Figure 7. Transition of Hsc70-loaded coats to the disassembly phase

(a) Experimental design used for the pH shift experiment. After immobilization of the clathrin/AP-2 coats onto the modified coverslip, the microfluidic chamber was perfused sequentially with auxilin, and then with a mixture of auxilin and Hsc70-AF568–ATP at pH 6. At this pH, the coats do not dissociate . To trigger uncoating, the pH was shifted to 6.8 in the presence of unlabeled Hsc70–ATP. Minimal uncoating was observed if the pH shift was done in the absence of Hsc70–ATP. (b) Histogram of the dwell times between pH shift and initiation of disassembly. The distribution of dwell times is a single exponential, indicating that the transition of an Hsc70-loaded coat to the disassembly phase has a single rate-limiting step, with rate constant k₂⁺ (0.16 s⁻¹).

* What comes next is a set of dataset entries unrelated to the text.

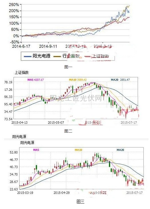 首先来看图一,这是一幅鸟瞰图,可以大致看到阳光电源走势强于上证指数,弱于行业指数。再看图二和图三,这两幅图为阳光电源近期走势和上证指数的对比,从我们发现,阳光电源虽然在整体幅度上略强于上证指数,但是在涨跌步调上却与上证指数完全一致,表现中规中矩。但可惜的是,无论是上证指数还是阳光电源目前都处于空头行情中,尤其是阳光电源,该股macd指标进入历史最低点,处于完全超跌状态,那么阳光电源是否会否极泰来呢?从技术层面上讲超跌后的大幅反弹是完全可能的,但是如果技术分析能够解决一切问题的话,那么股票也就不值得分析了,一只股票能否走出好的趋势,除了技术层面的支撑,更多的还得靠该公司自身的表现,所以让我们继续往下分析,看看该公司的基本面有没有什么利好支撑。
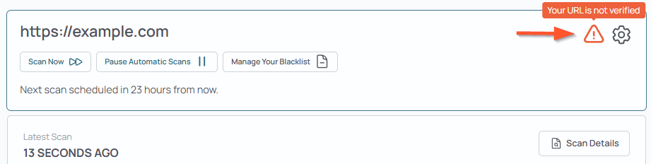 Verifying your website proves that you own or manage it, and unlocks higher scan limits and additional settings.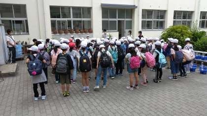 実行委員の司会で帰校後の振り返りと付き添ってくださった応援の先生にお礼をいいます。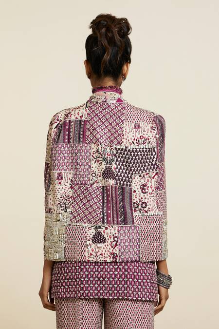 Pink jacket featuring floral, thread, beads, and sequins embroidered patchwork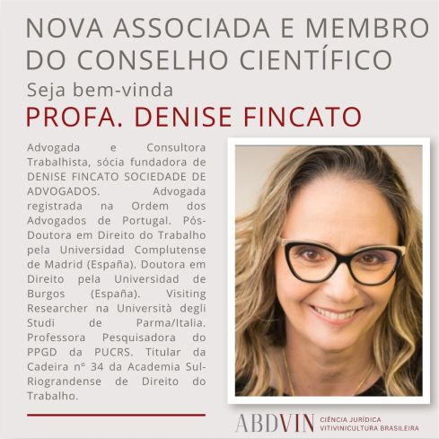 A Profa. Denise Fincato agora integra o Conselho Científico da ABDVIN – Ciência Jurídica Vitivinicultura Brasileira.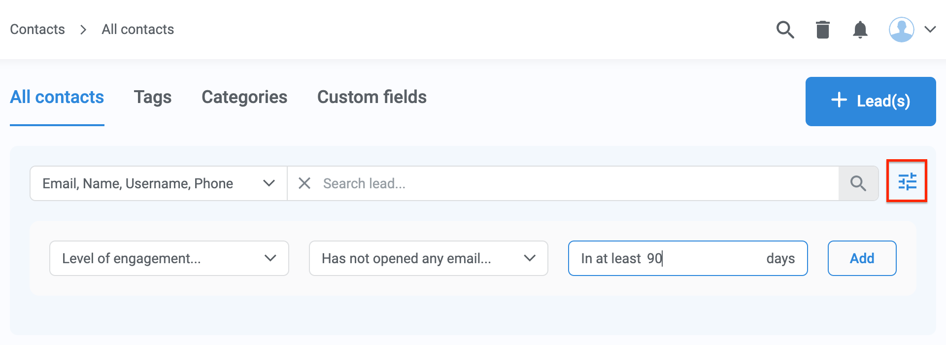 Use engagement filters to find Kartra leads that have not opened an email from you in a long time. If certain people have stopped opening your emails or clicking the links inside, there’s a good chance they’re no longer interested.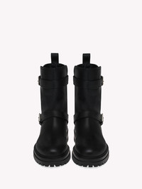 Set on a tonal rubber lug sole, Thiago is a leather pull-on biker boot with metallic buckles and a wide boot shaft. Handmade in Italy. - Heel Height: 0.8 inches / 20 mm - Model Code: U73000.20GOM Item ID: U73000.20GOM.CLNNERO

Figure 8. Uncoating reaction with coats containing mixtures of wild type and mutant clathrin

(a) Backbone model of the heavy and light chains of a clathrin triskelion (PDB 3IYV) . The close-up of a triskelion hub shows the location of the binding site for Hsc70 (QLMLT motif, black dots) in the C- terminal unstructured region of the clathrin heavy chain (blue lines). (b, c) Outcome of the uncoating reaction for coats containing mostly wild type (b) or mostly mutant clathrin lacking the Hsc70-binding motif (c). Coats containing primarily wild type clathrin undergo normal disassembly with release of wild type and mutant clathrin (left); coats containing primarily mutant clathrin remain intact, and no wild type clathrin is released. Top, schematic representation of the coats and the outcome of the uncoating reaction. Middle, representative kymographs of single- particle uncoating traces from two coats, one containing excess wild-type clathrin (80%, left) and the other containing excess mutant clathrin (80%, right); wild-type and mutant clathrin were labeled with LCa–AF488 and LCa–DL649, respectively. Bottom, plots of fluorescence intensity traces; blue, wild type clathrin; purple, mutant clathrin; orange, Hsc70. (d) Uncoating efficiency as a function of the fraction of wild-type clathrin in the coat. Coats with different ratios of wild-type and mutant clathrin were prepared and mixed; their disassembly properties were then analyzed together in the same field (N = 311 coats).